┌────────

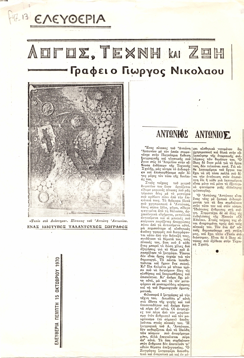 Φωτοαντίγραφο, χαρτί, 31×21,5εκ, στα ελληνικά, άρθρου για τον Αντώνη Αντώνιο.
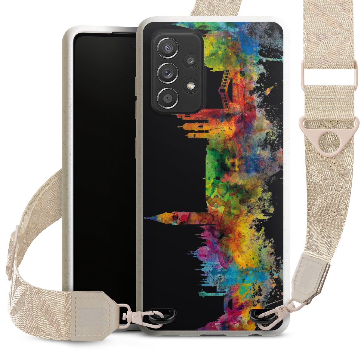 Gestalte Dein Case ganz nach Deinen Wünschen! Edles Creme oder lieber klassisches Schwarz? Du entscheidest, welche Farbe am besten zu Dir passt. Die dezenten Designs der Gurtbänder passen garantiert zu Deiner Hülle, egal mit welchem Lieblingsmotiv Du Dein Case bedrucken lässt.
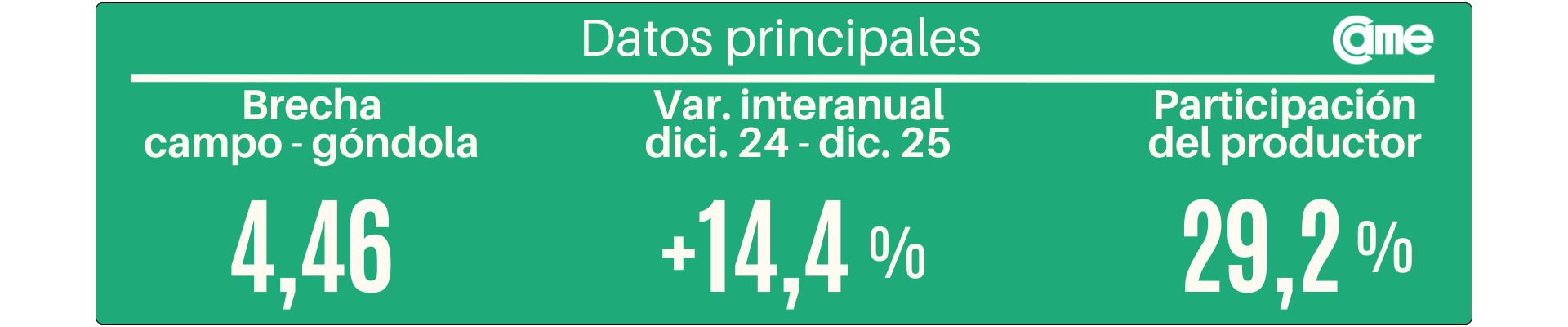 Por cada peso ($1) que obtuvo el productor, el consumidor pagó $4,46 en góndola, lo que representa un incremento interanual del 14,4% en la relación de precios.
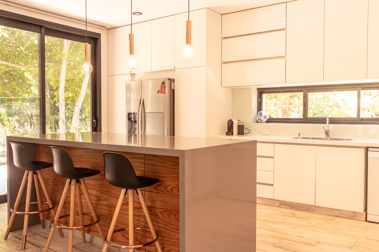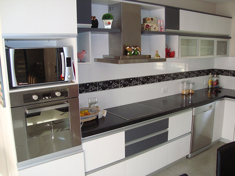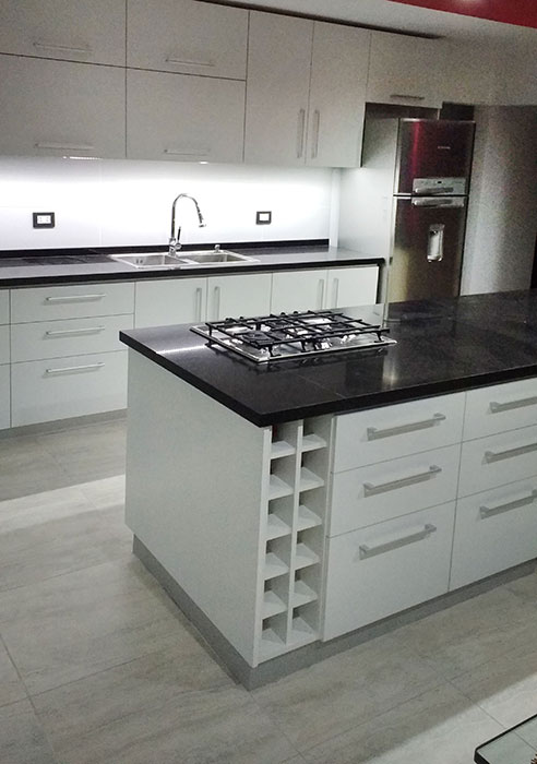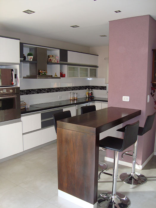 En base a medidas existentes de un replanteo en obra o plano se trabajan con medidas reales respetando ejes de ventanas, ejes de piletas y llaves de paso. Nuestros muebles están fabricados íntegramente en melamina tanto cuerpo como puertas. También realizamos muebles en madera estilo country que pueden ser laqueados con poliretano de optima dureza y terminación. Opciones de diseño, con cajones de diversas dimensiones y composición, tipo olleros, alacenas con aperturas horizontales con pistones neumáticos y/o verticales, puertas de aluminio, estantes regulables, iluminación LED bajo alacenas, columnas y despenseros que optimizan los espacios. Los accesorios y herrajes con acabados satinados o cromados a elección, bisagras con sistemas de cierre suave en alacenas y cajones, ordenadores, cubierteros, especieros, canastos y cercos, pensados para los diferentes elementos de guardado.

└────────

To do: No pictures belong in the answer; copy all other parts of the listing exactly.

Exercise answer:
 Φωτοαντίγραφο, χαρτί, 31×21,5εκ, στα ελληνικά, άρθρου για τον Αντώνη Αντώνιο.
 Gestalte Dein Case ganz nach Deinen Wünschen! Edles Creme oder lieber klassisches Schwarz? Du entscheidest, welche Farbe am besten zu Dir passt. Die dezenten Designs der Gurtbänder passen garantiert zu Deiner Hülle, egal mit welchem Lieblingsmotiv Du Dein Case bedrucken lässt.
 Por cada peso ($1) que obtuvo el productor, el consumidor pagó $4,46 en góndola, lo que representa un incremento interanual del 14,4% en la relación de precios.
 En base a medidas existentes de un replanteo en obra o plano se trabajan con medidas reales respetando ejes de ventanas, ejes de piletas y llaves de paso. Nuestros muebles están fabricados íntegramente en melamina tanto cuerpo como puertas. También realizamos muebles en madera estilo country que pueden ser laqueados con poliretano de optima dureza y terminación. Opciones de diseño, con cajones de diversas dimensiones y composición, tipo olleros, alacenas con aperturas horizontales con pistones neumáticos y/o verticales, puertas de aluminio, estantes regulables, iluminación LED bajo alacenas, columnas y despenseros que optimizan los espacios. Los accesorios y herrajes con acabados satinados o cromados a elección, bisagras con sistemas de cierre suave en alacenas y cajones, ordenadores, cubierteros, especieros, canastos y cercos, pensados para los diferentes elementos de guardado.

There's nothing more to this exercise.